Die Grünen, die SÖS/Linke-plus und die SPD sahen es anders und reagierten mit einem eigenen Antrag. Ihnen sei es besonders wichtig, dass der künftige Wohnanteil im Garden Campus mindestens die Größe aufweisen sollte, die einen funktionierenden Stadtteil gewährleistet, ist darin zu lesen. „Wie hoch dieser Anteil ist, ist im weiteren Verfahren zu erarbeiten. Ebenso sind die dazugehörigen sozialen Einrichtungen entsprechend den Vorgaben der Verwaltung nachzuweisen.“ Dafür gab es letztlich eine Mehrheit.

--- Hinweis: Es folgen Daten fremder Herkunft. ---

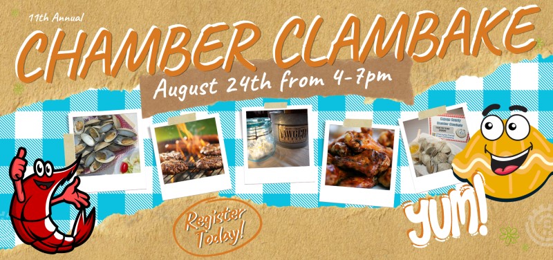 - The Chamber clam bake is August 24 at Yawger Brook.

Nach der ersten Phase des städtebaulichen Wettbewerbs hatte eine Jury vier vorläufige Sieger gekürt. Deren Entwürfe haben aber einen Wohnanteil von 47 bis 67 Prozent. Die bürgerlichen Parteien sehen das skeptisch. Die Mitglieder des Bezirksbeirats befürworteten ihren Antrag. Allerdings äußerten sie auch die Befürchtung, dass sich der Investor, die Gerch-Group, nicht darauf einlassen würde.

Für manch einen ist die Befürchtung eher eine Hoffnung

Diese Befürchtung hat auch Anna Deparnay-Grunenberg, die Vaihinger Betreuungsstadträtin von den Grünen. Es habe sich gezeigt, dass es bei einem Wohnanteil von insgesamt nur 25 Prozent für einen Investor nicht mehr hinreichend lukrativ ist, die denkmalgeschützten Gebäude auf dem Campus zu erhalten. Dies sei aber eines der obersten Ziele. Darum würden die Grünen, die SPD und die SÖS/Linke-plus nicht mehr auf das Ergebnis des Kolloquiums pochen.

Für manch einen in Vaihingen ist die Befürchtung, das Projekt könnte scheitern, freilich eher eine Hoffnung. Denn die Neubebauung des IBM-Geländes ist für die meisten Vaihinger ein ungeliebtes Kind. Sie befürchten zum einen, dass ein Wohngetto entstehen könnt. Zum anderen sehen sie die Gefahr, dass damit noch mehr Verkehr über die sowieso schon stark belasteten Vaihinger Straßen rollt.

Jürgen Sauer betont allerdings, dass es nicht die Intention des CDU-Antrags gewesen sei, die Bebauung des ehemaligen IBM-Geländes hinauszuzögern oder gar zu verhindern. „Die Gerch-Group kannte das Ergebnis des Kolloquiums und hat das Gelände unter diesen Prämissen gekauft“, so der CDU-Stadtrat.